• [AIM OF THE EXERCISE]: Below are records with pictures. Reproduce exactly the lines from the line with "<B>1835 50C --Improperly" to the line with "- NOTIZIE STORICO", inclusive, and leave each picture out.

*** Block opens ***

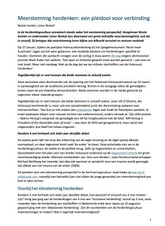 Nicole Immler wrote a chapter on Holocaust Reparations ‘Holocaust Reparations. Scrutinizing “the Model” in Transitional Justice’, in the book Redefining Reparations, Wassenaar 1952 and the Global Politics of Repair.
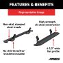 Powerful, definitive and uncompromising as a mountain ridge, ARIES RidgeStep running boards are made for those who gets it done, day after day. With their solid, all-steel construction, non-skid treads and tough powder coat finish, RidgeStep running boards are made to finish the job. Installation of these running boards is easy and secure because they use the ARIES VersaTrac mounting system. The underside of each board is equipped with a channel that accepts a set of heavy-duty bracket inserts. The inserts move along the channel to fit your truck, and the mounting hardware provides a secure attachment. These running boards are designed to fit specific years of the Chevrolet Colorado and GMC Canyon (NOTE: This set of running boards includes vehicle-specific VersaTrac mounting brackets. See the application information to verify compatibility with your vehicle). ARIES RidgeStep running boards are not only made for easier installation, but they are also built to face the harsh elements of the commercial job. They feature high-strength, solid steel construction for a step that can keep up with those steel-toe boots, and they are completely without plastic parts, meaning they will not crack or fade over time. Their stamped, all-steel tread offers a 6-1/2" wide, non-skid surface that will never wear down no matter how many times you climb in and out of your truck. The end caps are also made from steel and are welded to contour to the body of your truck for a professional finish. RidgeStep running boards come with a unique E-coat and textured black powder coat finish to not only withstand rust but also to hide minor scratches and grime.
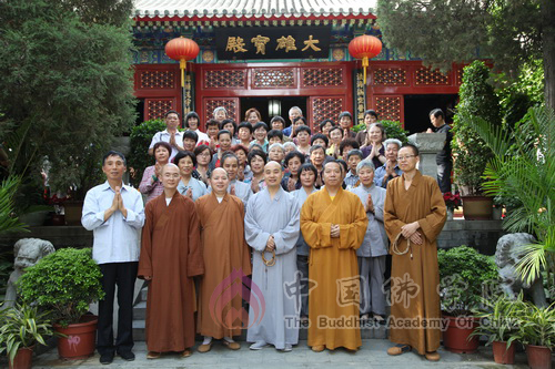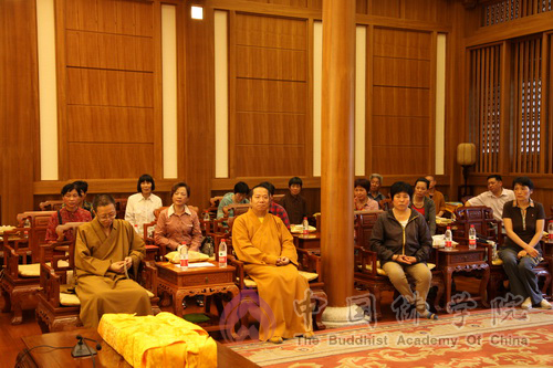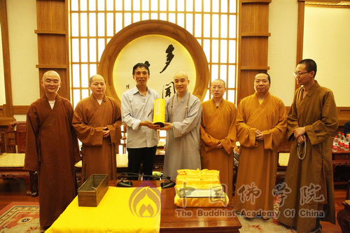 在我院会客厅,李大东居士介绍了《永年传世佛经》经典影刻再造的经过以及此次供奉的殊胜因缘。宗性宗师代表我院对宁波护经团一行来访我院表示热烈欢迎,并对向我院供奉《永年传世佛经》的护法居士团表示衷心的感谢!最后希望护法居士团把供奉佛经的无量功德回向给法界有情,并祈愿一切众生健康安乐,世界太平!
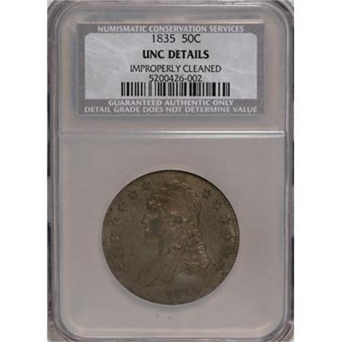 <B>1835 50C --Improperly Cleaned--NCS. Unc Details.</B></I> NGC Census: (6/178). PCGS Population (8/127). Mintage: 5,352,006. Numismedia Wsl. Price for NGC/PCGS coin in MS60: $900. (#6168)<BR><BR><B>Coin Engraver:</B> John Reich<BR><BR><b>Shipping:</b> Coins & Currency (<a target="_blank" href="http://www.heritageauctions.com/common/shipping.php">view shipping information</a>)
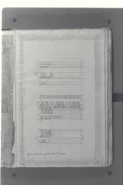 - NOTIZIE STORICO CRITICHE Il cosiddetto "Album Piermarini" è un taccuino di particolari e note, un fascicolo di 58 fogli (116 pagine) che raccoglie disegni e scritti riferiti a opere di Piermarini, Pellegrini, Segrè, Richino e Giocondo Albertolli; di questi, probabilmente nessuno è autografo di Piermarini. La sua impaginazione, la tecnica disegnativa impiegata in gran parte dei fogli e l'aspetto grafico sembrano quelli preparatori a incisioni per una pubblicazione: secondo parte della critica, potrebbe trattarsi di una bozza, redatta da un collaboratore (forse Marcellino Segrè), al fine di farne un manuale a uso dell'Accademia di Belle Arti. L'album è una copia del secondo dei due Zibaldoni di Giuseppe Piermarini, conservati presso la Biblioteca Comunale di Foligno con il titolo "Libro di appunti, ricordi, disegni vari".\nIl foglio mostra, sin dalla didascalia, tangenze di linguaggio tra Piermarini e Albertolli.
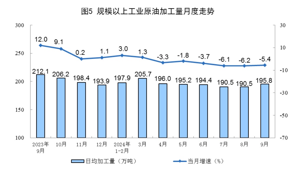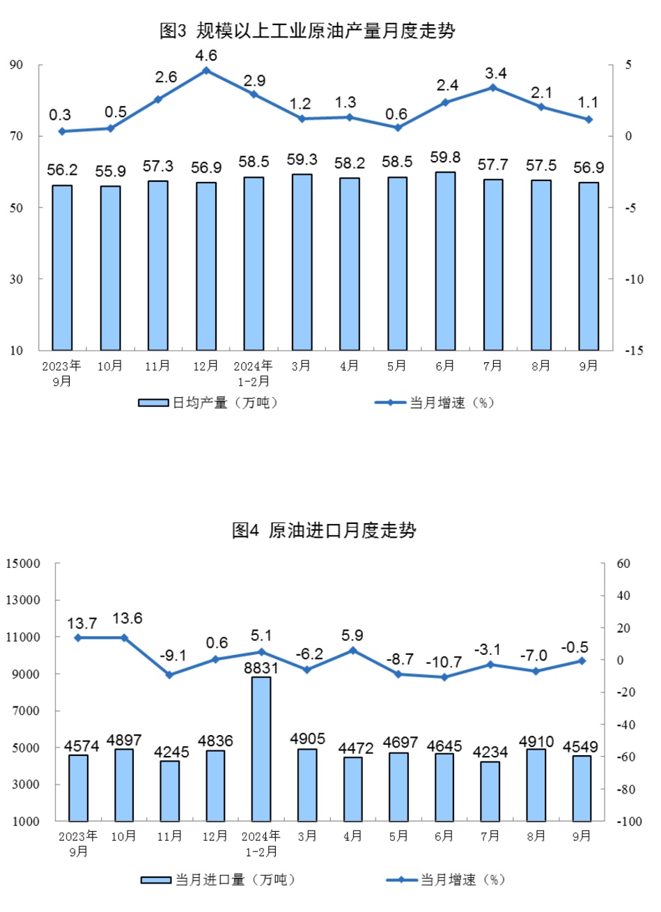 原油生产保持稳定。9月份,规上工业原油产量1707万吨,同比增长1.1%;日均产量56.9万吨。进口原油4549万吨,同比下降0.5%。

*** Block closes ***

• [RESPONSE TO THE EXERCISE]:
 <B>1835 50C --Improperly Cleaned--NCS. Unc Details.</B></I> NGC Census: (6/178). PCGS Population (8/127). Mintage: 5,352,006. Numismedia Wsl. Price for NGC/PCGS coin in MS60: $900. (#6168)<BR><BR><B>Coin Engraver:</B> John Reich<BR><BR><b>Shipping:</b> Coins & Currency (<a target="_blank" href="http://www.heritageauctions.com/common/shipping.php">view shipping information</a>)
 - NOTIZIE STORICO CRITICHE Il cosiddetto "Album Piermarini" è un taccuino di particolari e note, un fascicolo di 58 fogli (116 pagine) che raccoglie disegni e scritti riferiti a opere di Piermarini, Pellegrini, Segrè, Richino e Giocondo Albertolli; di questi, probabilmente nessuno è autografo di Piermarini. La sua impaginazione, la tecnica disegnativa impiegata in gran parte dei fogli e l'aspetto grafico sembrano quelli preparatori a incisioni per una pubblicazione: secondo parte della critica, potrebbe trattarsi di una bozza, redatta da un collaboratore (forse Marcellino Segrè), al fine di farne un manuale a uso dell'Accademia di Belle Arti. L'album è una copia del secondo dei due Zibaldoni di Giuseppe Piermarini, conservati presso la Biblioteca Comunale di Foligno con il titolo "Libro di appunti, ricordi, disegni vari".\nIl foglio mostra, sin dalla didascalia, tangenze di linguaggio tra Piermarini e Albertolli.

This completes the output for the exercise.